## Your objective
Of the lines listed below, return exactly those that run from the line containing "If you’d like" through the line containing "据定期报告数据统计,近三年平", both included.

## Dataset entries

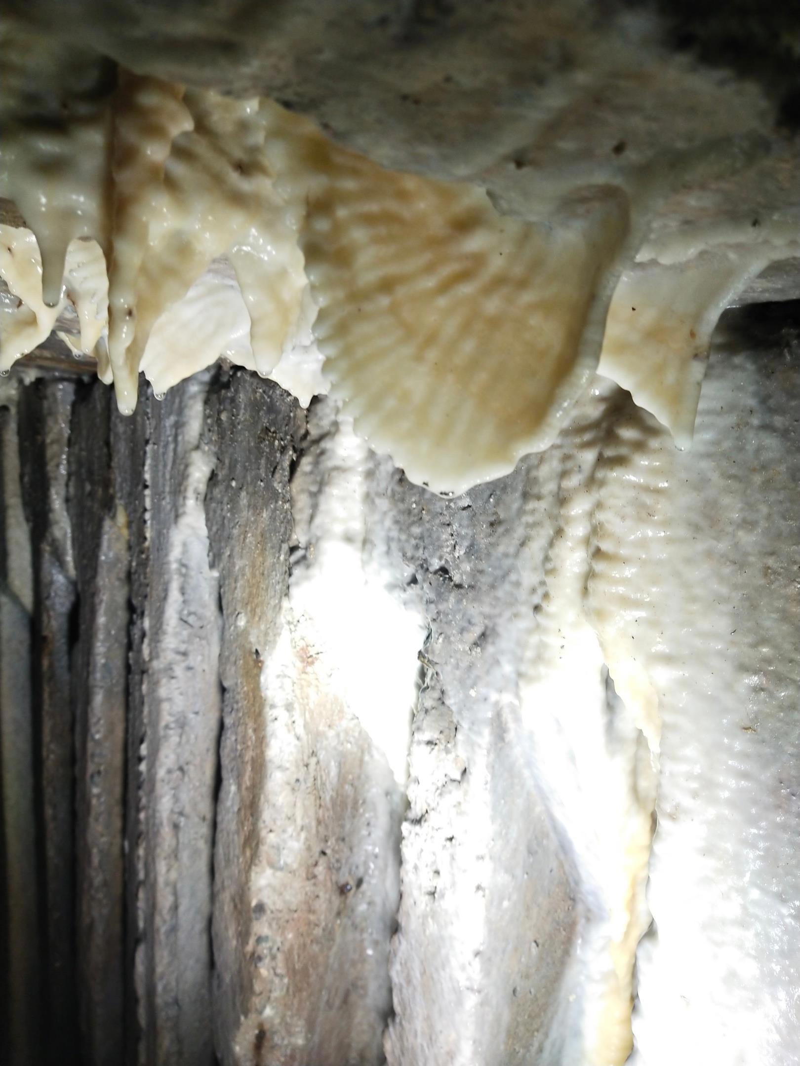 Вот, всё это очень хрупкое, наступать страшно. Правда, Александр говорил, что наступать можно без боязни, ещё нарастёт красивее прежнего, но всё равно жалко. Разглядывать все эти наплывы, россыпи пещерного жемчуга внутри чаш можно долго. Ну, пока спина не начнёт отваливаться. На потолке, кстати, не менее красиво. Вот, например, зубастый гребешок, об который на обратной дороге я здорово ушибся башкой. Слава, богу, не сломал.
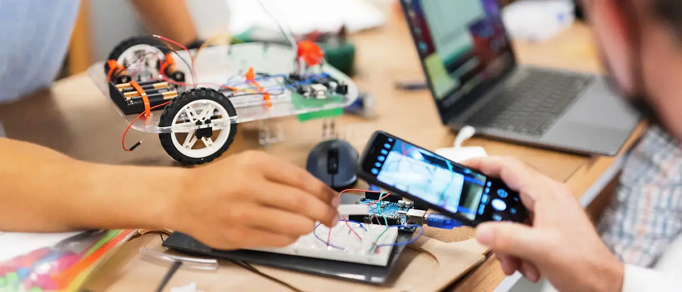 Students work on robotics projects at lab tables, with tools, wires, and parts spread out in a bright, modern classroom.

--

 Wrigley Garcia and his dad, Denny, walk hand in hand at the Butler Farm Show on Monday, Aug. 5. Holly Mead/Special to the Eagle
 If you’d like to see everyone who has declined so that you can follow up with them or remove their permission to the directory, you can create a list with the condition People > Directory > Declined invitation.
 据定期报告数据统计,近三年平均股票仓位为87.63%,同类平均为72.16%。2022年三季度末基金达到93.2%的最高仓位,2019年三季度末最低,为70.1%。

## Written answer
 If you’d like to see everyone who has declined so that you can follow up with them or remove their permission to the directory, you can create a list with the condition People > Directory > Declined invitation.
 据定期报告数据统计,近三年平均股票仓位为87.63%,同类平均为72.16%。2022年三季度末基金达到93.2%的最高仓位,2019年三季度末最低,为70.1%。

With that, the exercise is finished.